Content starts

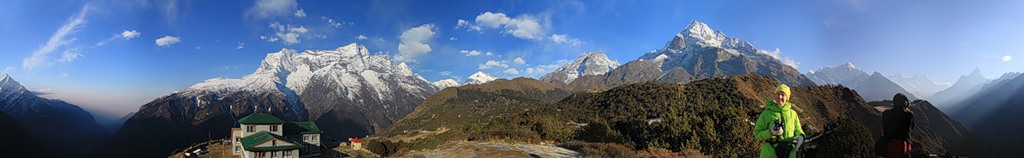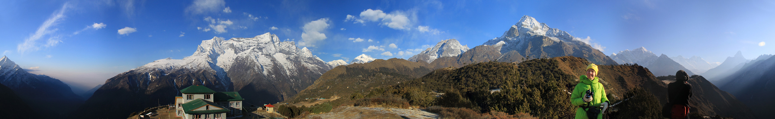 Лучше смотреть ее в большом размере, конечно. Справа налево: Конгде Ри (под ней отель), неизвестные нам три горы вдалеке, Кхумбила, я, еще две горки, верхушка Эвереста за стеной Лхоце и строго под ней одинокий юноша, Ама Даблам. Последнюю почти не видно против солнца, но это только пока. Я напишу об Ама Даблам отдельный пост, потому что если честно, то её я хотела увидеть больше Эвереста.
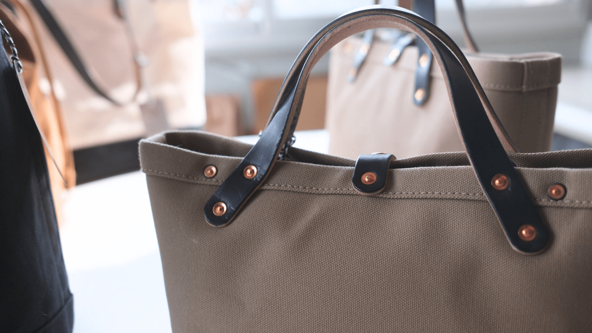 「もともと革が好きで、靴職人に憧れていたこともあって革が使いたかったんです。持ち手を留めている金具は、昔アメリカなどでよく使われていた『コッパーリベット』と呼ばれるもの。帆布と革に銅の金具を通して、一つ一つ叩いて成形しています。厚い生地も革もしっかり留まるので、心配なく使っていただけます」
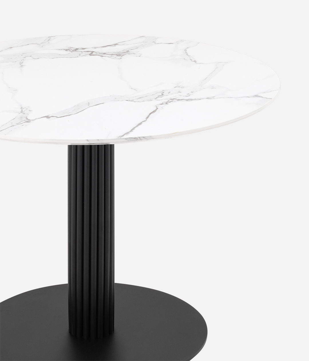 Обеденный стол «Stem D90» идеально подойдет для гостиной в современном стиле. Простая круглая форма стола позволит легко вписать его в современный интерьер, стол украсит кухню, гостиную или современное кафе, ресторан. Опорное плиссированное основание стола в лаконичном дизайне надёжно удерживает всю конструкцию и дополняет изящный образ.
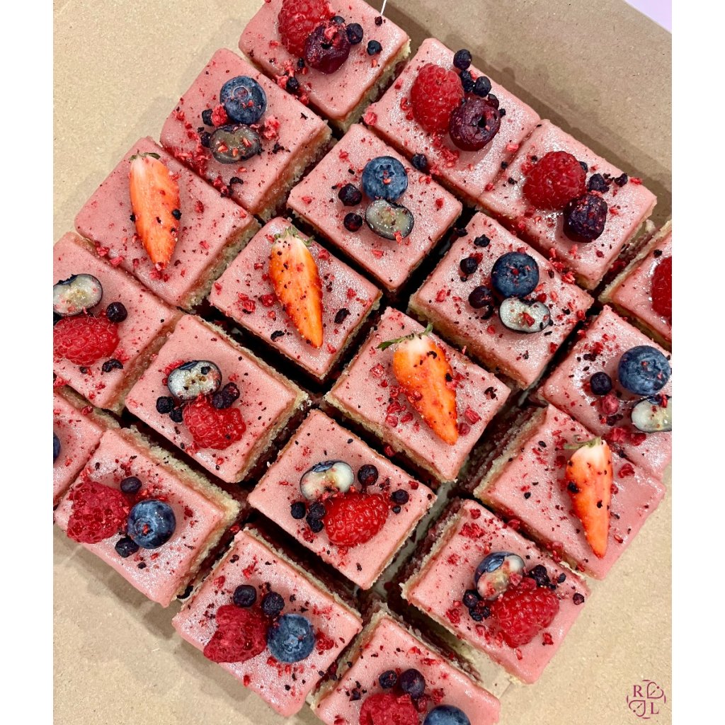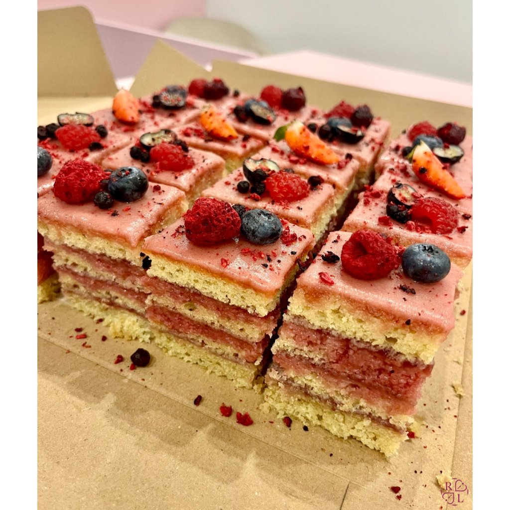 Kokosový nápoj, malinový sirup (Malinová šťava min. 50 % (maliny plod, filtrovaná voda), sacharóza, antioxidant: kyselina citrónová), jahodové víno (obsah alkoholu 9% obj., antioxidant: oxid siričitý), trstinový nerafinovaný surový cukor, ryžová múka, tapioková múka, pšenová múka, mandľová múka, bio malinová nátierka (maliny 55%, repný cukor, koncentrát citrónovej šťavy, želírujúca látka: pektín), pomarančová šťava, citrónová šťava, rum 40 %, bio nerafinovaný repkový olej, bio jablčný ocot, prášok do pečiva bezfosfátový, jedlá sóda bikarbóna, guaranová guma, cviklový prášok, vanilka čistý extrakt, himalájska soľ, klinček, škorica, badyán + ovocie čerstvé/lyo na zdobenie

Content ends

## What needs to be done
Return exactly the lines that begin with the one containing "дополняет изящный образ." and end with the final line of the data above; include no pictures.

## Result of the task
 Обеденный стол «Stem D90» идеально подойдет для гостиной в современном стиле. Простая круглая форма стола позволит легко вписать его в современный интерьер, стол украсит кухню, гостиную или современное кафе, ресторан. Опорное плиссированное основание стола в лаконичном дизайне надёжно удерживает всю конструкцию и дополняет изящный образ.
 Kokosový nápoj, malinový sirup (Malinová šťava min. 50 % (maliny plod, filtrovaná voda), sacharóza, antioxidant: kyselina citrónová), jahodové víno (obsah alkoholu 9% obj., antioxidant: oxid siričitý), trstinový nerafinovaný surový cukor, ryžová múka, tapioková múka, pšenová múka, mandľová múka, bio malinová nátierka (maliny 55%, repný cukor, koncentrát citrónovej šťavy, želírujúca látka: pektín), pomarančová šťava, citrónová šťava, rum 40 %, bio nerafinovaný repkový olej, bio jablčný ocot, prášok do pečiva bezfosfátový, jedlá sóda bikarbóna, guaranová guma, cviklový prášok, vanilka čistý extrakt, himalájska soľ, klinček, škorica, badyán + ovocie čerstvé/lyo na zdobenie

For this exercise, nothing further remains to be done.